Bantry’s sites of historical interest really have a tale to tell. Although all may seem calm in West Cork today, this was not always the case. With numerous attempted invasions and a huge loss of life as a result of the famine, stroll these historical sites and get a real insight into how West Cork has progressed throughout the years. We are glad to report that all is now well in Bantry and its surrounds – with the odd day of rain being the only complaint!
Bantry House & Gardens
No visit to Bantry could be considered complete without a visit to the stately Bantry House & Gardens. Bought by the White Family in 1765, and enlarged by Richard White, the 2nd Earl of Bantry, it is now lived in and owned by the Shelswell-White family, descendants of the Earls of Bantry. The House has an eclectic collection of tapestries, furniture and art treasures. The gardens have been partly restored and are home to sub-tropical plants and shrubs. This period home is one of the top reasons for tourism in Bantry Bay and West Cork. Bantry House offer a special discounted admission for guests of the Maritime Hotel.
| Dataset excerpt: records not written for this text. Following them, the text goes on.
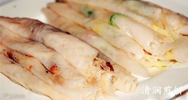 清涧煎饼状若朗夜之圆月,晶莹如白雪,轻薄似蝉翼,柔韧绵冽,其味沁人心肺,过口难忘。用荞麦做成,极为好吃。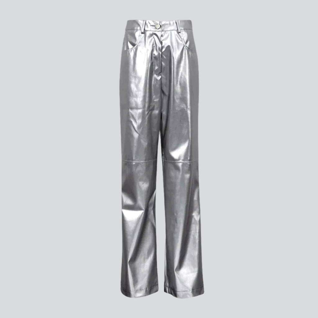 With an eye-catching silver pattern. these jeans are designed for the vogue-forward individuals who demand only the best. The wide-leg fit. high waist. and zipper & button closure are sure to make a statement at any occasion. whether it be a non-formal outing or a high-end gala.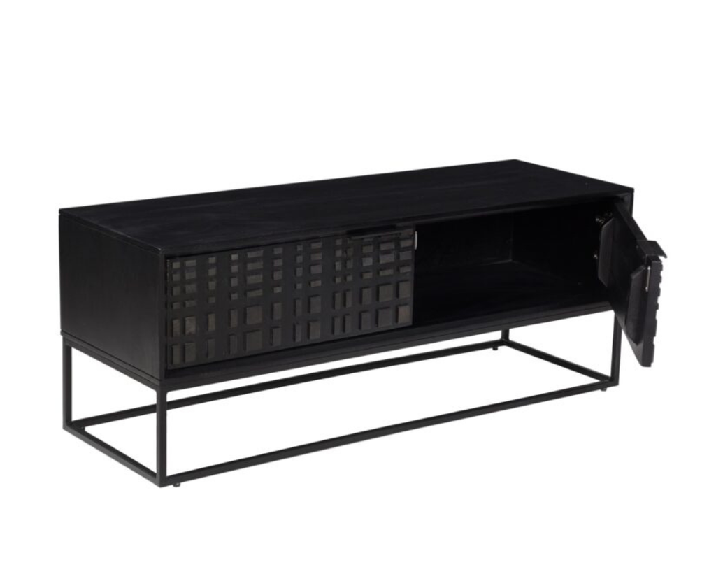 Fusion is our new exceptional range of occasional pieces. It brings together strong bold black powder coated metal framing and dramatic carved Mango wood with a linear design stained to a rich dark colour. This stunning collection will add interest and flair to any interior and that much desired conversation piece.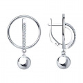 Серебряные серьги круглые с подвесками SOKOLOV 94024037 с фианитами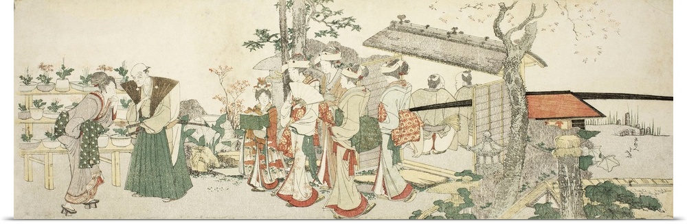 <p>A Group of Young Women Entering the Garden of a Horticulturist, colour woodblock print; surimono.</p>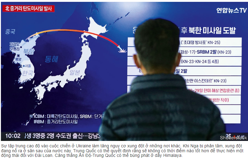 Flashpoints to watch . Sự tập trung cao độ vào cuộc chiến ở Ukraine làm tăng nguy cơ xung đột ở những nơi khác. Khi Nga bị phân tâm, xung đột đang nổ ra ở sân sau của nước này. Trung Quốc có thể quyết định rằng sẽ không có thời điểm nào tốt hơn để thực hiện một động thái đối với Đài Loan. Căng thẳng Ấn Độ-Trung Quốc có thể bùng phát ở Himalay.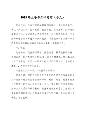 2018年上半年个人工作总结模板开年以来,在各位领导和同事们的指导、关心和帮助下,我以严谨务实、扎实高效、敬业奉献、追求完美的标准严格要求自己,较好地完成了各项任务,自己的思想认识、工作能力和综合素质都得到一步的提升。下面我分四个方面将半年的工作和学习情况向各位领导和同事做个简要的汇报。一、收获这半年来,是我开阔眼界、熟悉情况、积累经验的阶段。年初以来,自己先后参与XX工作。这半年的磨练,使我真正融入了工作角色。自己对本职岗位的认识更加深入了,思路更加清晰了,能力也更加全面了。一是强化三个环节,切实提高工作效能把握规律。想要更好的开展工作就要把握工作的规律特点工作的规律特点来自于日常的分析、判断、思考,更重要的来自于经常性的总结。在这方面,自己一直坚持记录工作感悟,坚持办文之后的归纳和整理,坚持定期回看和总结,把握各项任务的不同的要求,把握各项工作的不同内容。努力做到心中有数、驾轻就熟。前置学习。根据岗位特点,着力强化学习的敏感性、有序性和动态性。建立知识储备目录,围绕单位中心工作、领导关注热点、近期工作安排等,提前着手搜集整理书籍、报纸、互联网、上级精神、领导批示和以往材料中的有关内容。在学习的基础上加以梳理,并及时向其他同事学习。沟通协调。自己工作过程中不断揣摩和体会,我感觉良好的沟通协调往往可以起到事半功倍的效果。与领导沟通时,做到底数清、情况明,与上级单位沟通时,做到两个明确,明确工作的具体要求,明确具体联系人;与基层单位沟通协调时,做到坚持原则,注重技巧,在确保工作任务完成的基础上争得基层的理解,保持良好的关系。二是统筹三个关系,合理把握工作节奏主与次的关系。面对纷繁复杂的工作,自己通过旁听区委的各种会议,关注领导主要活动,牢牢抓住不同阶段的中心工作,分清主要与次要,分清重点和一般,做到突出重点,兼顾全面,有主有次,有张有弛,忙而不乱。轻与重的关系。坚持小事快办、大事稳办的原则,对于日常一般性的、不牵动大局的工作,速来速办,来则即办,突出一个快字,用最短的时间抓紧完成;对于大项任务,做到快中有慢,紧中有缓,在筹划构思上多下功夫,待思考成熟再迅速进行。急与缓的关系。坚持缓中求快,急中求妥,对于时间上要求并不急的工作,不等不拖;对时间要求比较紧的工作,自己首先保持头脑冷静,尽可能开动脑筋调动平日里掌握的一些具体情况,搞好统筹再开展,努力做到重点突出、事理清楚,避免粗技大叶、急中出乱。三是增强三个意识,始终保持工作状态想要干好工作必须具备良好的精神状态和饱满的热情,说到底就是让自己始终处于最佳状态,时刻能够贡献出最有效的文字成果。在这方面自己重点强化了三种意识。责任意识。一方面是敬业,脚踏实地,扎实锻炼,干一行爱一行,钻一行,不断增强主动性,积极改进工作;一方面是进取,时刻牢记自己是党员,时刻以最高的标准要求自己,不断强化积极进取、争创一流的精神动力。和谐意识。用辩证的观点和乐观的心态看待工作,正确认识自己的工作和价值,积极克服急功近利的浮躁情绪,克服爱慕虚荣的不良作风,克服怕吃苦、得过且过的错误思想,始终保持一名共产党员的本色。团队意识。在思想上讲团结,做到思想统一,步调一致;在工作上讲团结,拾遗补缺、协调配合、形成合力;在生活上讲团结,主动关心同事,帮助同事,增强工作的凝聚力和向心力。借这个机会,要特别感谢在过去的半年中,各位领导和同志们给予我的帮助,大家的支持和鼓励让我心中倍感温暖,让我更加珍惜与大家一起共事的情谊。二、体会自己工作半年来的体会可以概括成一个词,那就是:坚持。工作进步来自锲而不舍地努力。作为一名新人,自己并不缺少危机感和恐慌感,开始着手工作的时候比较急,恨不得一夜之间成为行家里手,感觉自己下了很大的功夫,但短期内成效并不明显,相反问题却表现得很突出。经过这半年的工作,我切身感受到,要想真正提高工作水平,不能靠短期突击恶补,必须扎扎实实,一步一个脚印,循序渐进的量变积累,才能最终实现厚积薄发的质变升华。这是个长期的过程,中间不能有任何的急躁、犹豫和迟疑,必须一刻也不放松的坚持。能力提高来自坚持不懈地学习。想做好工作,必须将学习作为一种习惯。学习是我所处岗位的生命线,靠学习获取各种知识提升能力,就像植物汲取养分不断生长,不坚持学习,知识就会枯萎、能力就会滞后。在这种形势下,学习容不得一丝一毫的松懈。放松了对自己的要求,就跟不上经济社会发展的步伐,就会产生工作与要求不对称,自己的工作质量必然降低必然达不到领导的要求。境界提升来自持之以恒地修炼。我感觉,个人的境界对做好工作十分重要。境界反映的是一个人在精神方面的高度,反映着个人的品质和价值。作为机关的一员,经常要面对繁重而枯燥的工作,而自己的境界就像一只无形的手,影响着工作态度、工作效率、工作水平,甚至左右了人生的结局。境界的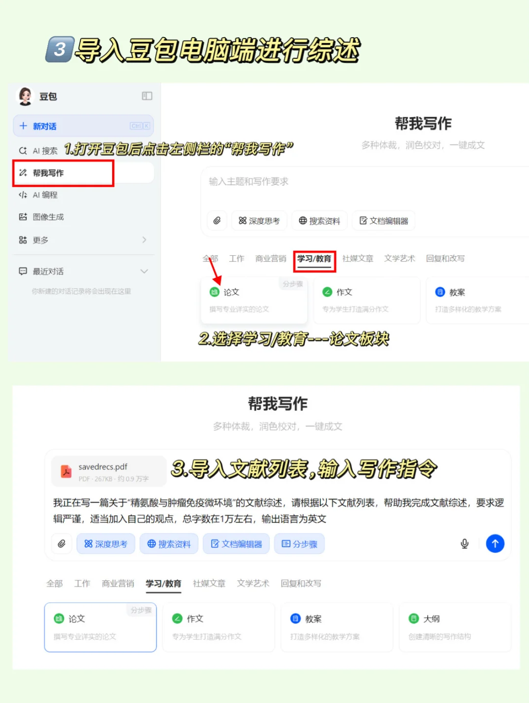 2️⃣ 将文献列表导入豆bao电脑端,输入指令:我正在写一篇关于“精氨酸与肿瘤免疫微环境”的文献综述,请根据以下文献列表,帮助我完成文献综述,要求逻辑严谨,适当加入自己的观点,总字数在1万左右,输出语言为英文
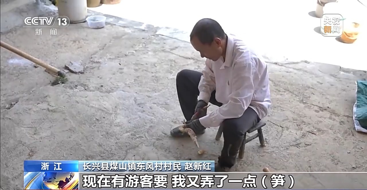 長(zhǎng)興縣煤山鎮(zhèn)東風(fēng)村村民 趙新紅:感覺很好賣,現(xiàn)在有游客要,我又弄了一點(diǎn)筍,把好一點(diǎn)的挑出來(lái),價(jià)格比批發(fā)上門收好多了。

See Reception for further details or visit www.bantryhouse.com.
Bantry Museum is located behind the fire station on Wolfe Tone Square (open June-Aug Tues & Thurs 10am-1pm, Wed & Fri 2-5pm).
The museum is the collection of the local history society - domestic paraphernalia, old newspapers and everyday trivia of every sort - which the curators willingly demonstrate with an entertaining blend of history and gossip.
Wolfe Tone Square
Wolfe Tone Square is located just metres from the Maritime Hotel. The Square commemorates Theobald Wolfe Tone. A Dublin-born Irishman, he led the United Irishmen in what he had hoped to be a re-run of the French Revolution. This was to be done with the help of French Republicans to overthrow British rule The ill-fated French invasion force arrived in Bantry in 1796 but bad weather drove them back. After numerous attempts to reach Bantry through various points throughout Ireland, he was eventually capture by the British Navy and was imprisoned at Derry Gaol before being moved to Dublin. He was tried for Treason and sentenced to death. When Tone's request for a military execution was refused he tried to cut his throat with a penknife and died of his injuries on November 18th, 1798. Ironically, it is believed he never set foot in Bantry!
At the top right hand of Wolfe Tone Square lies an anchor from the French Armada force from 1796. It was discovered off the northeast point of Whiddy Island in 1980 by the Dutch salvage company Smit Tak.